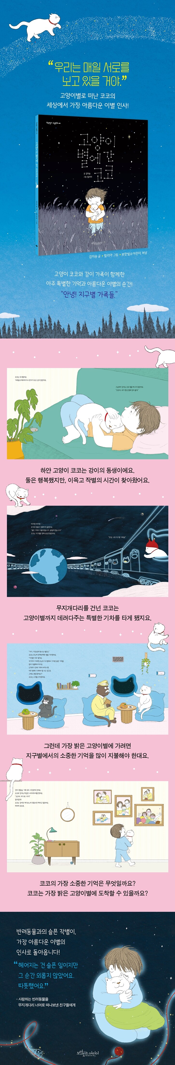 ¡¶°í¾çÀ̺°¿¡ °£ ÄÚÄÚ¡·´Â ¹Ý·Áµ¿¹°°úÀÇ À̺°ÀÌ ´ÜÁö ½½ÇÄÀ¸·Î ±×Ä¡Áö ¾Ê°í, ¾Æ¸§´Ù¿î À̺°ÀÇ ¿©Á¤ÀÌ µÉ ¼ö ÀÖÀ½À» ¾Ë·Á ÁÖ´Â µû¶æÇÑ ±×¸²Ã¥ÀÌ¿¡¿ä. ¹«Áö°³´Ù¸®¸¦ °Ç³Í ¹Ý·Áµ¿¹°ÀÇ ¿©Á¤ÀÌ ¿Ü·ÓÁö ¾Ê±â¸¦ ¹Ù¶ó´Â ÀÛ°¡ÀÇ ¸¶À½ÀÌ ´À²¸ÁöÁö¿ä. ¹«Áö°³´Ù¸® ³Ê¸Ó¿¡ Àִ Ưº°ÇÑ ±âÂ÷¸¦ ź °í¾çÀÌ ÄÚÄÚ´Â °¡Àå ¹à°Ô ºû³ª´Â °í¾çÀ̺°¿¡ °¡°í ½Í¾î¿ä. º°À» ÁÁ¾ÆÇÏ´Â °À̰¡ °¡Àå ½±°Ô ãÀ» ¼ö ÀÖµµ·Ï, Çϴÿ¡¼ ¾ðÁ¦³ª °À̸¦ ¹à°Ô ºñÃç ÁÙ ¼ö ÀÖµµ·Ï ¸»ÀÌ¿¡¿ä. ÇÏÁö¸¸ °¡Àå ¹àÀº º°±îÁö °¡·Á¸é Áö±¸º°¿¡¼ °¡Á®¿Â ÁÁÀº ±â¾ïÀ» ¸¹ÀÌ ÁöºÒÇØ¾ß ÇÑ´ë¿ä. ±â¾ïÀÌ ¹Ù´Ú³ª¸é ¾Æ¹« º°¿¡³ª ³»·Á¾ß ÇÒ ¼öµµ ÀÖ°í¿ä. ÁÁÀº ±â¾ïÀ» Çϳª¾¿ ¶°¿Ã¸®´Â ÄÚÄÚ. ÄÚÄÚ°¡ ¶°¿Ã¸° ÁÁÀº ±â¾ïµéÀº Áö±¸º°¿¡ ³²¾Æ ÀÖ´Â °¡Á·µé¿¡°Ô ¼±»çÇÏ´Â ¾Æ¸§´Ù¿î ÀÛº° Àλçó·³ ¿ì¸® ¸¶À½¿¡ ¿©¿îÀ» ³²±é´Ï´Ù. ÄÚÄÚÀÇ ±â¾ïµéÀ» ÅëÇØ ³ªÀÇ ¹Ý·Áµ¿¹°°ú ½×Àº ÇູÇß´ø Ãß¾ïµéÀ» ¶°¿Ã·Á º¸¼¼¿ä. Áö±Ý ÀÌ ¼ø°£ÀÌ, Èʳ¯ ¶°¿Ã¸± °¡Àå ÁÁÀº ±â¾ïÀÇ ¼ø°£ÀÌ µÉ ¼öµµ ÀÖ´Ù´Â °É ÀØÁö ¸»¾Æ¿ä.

...

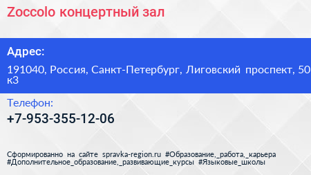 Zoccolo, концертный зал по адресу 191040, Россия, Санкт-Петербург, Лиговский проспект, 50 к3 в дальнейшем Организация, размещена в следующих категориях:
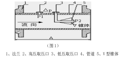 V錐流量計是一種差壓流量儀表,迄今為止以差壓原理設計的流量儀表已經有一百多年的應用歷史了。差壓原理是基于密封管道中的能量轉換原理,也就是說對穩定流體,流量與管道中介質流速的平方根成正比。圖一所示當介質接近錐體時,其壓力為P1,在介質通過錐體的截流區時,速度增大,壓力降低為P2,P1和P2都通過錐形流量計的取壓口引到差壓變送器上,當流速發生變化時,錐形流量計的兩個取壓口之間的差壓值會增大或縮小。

--

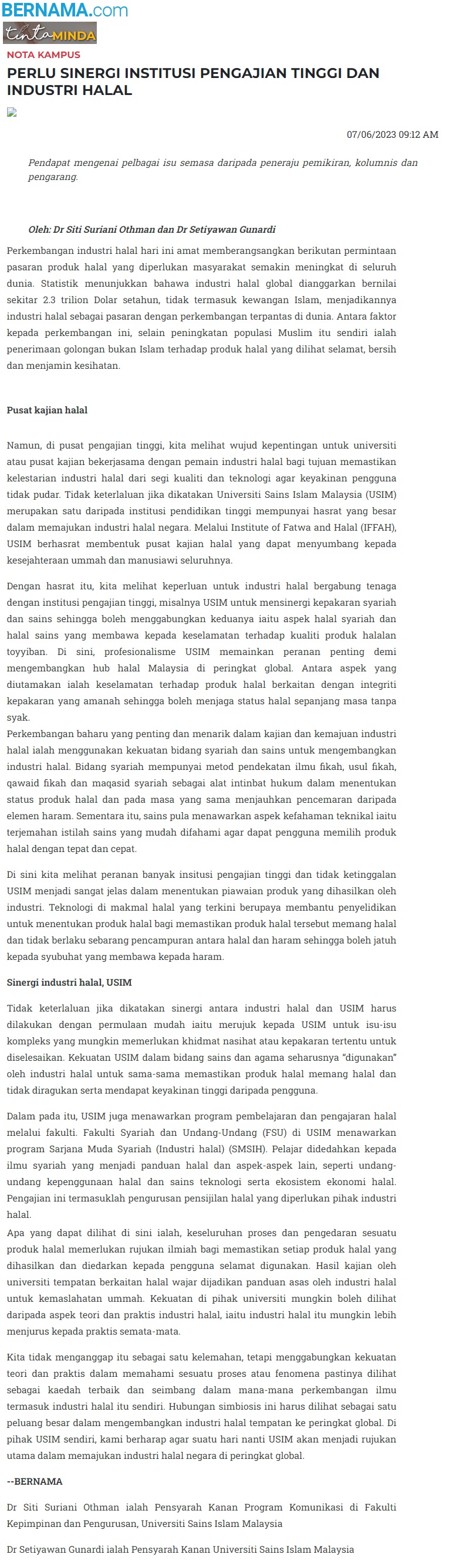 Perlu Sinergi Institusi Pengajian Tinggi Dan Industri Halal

## TASK DIRECTIONS
What is needed is an exact copy of only the lines above from the one with "Zoccolo, концертный зал" to the one with "V錐流量計是一種差壓流量儀表", both kept, with every picture left out.

## TASK ANSWER
 Zoccolo, концертный зал по адресу 191040, Россия, Санкт-Петербург, Лиговский проспект, 50 к3 в дальнейшем Организация, размещена в следующих категориях:
 V錐流量計是一種差壓流量儀表,迄今為止以差壓原理設計的流量儀表已經有一百多年的應用歷史了。差壓原理是基于密封管道中的能量轉換原理,也就是說對穩定流體,流量與管道中介質流速的平方根成正比。圖一所示當介質接近錐體時,其壓力為P1,在介質通過錐體的截流區時,速度增大,壓力降低為P2,P1和P2都通過錐形流量計的取壓口引到差壓變送器上,當流速發生變化時,錐形流量計的兩個取壓口之間的差壓值會增大或縮小。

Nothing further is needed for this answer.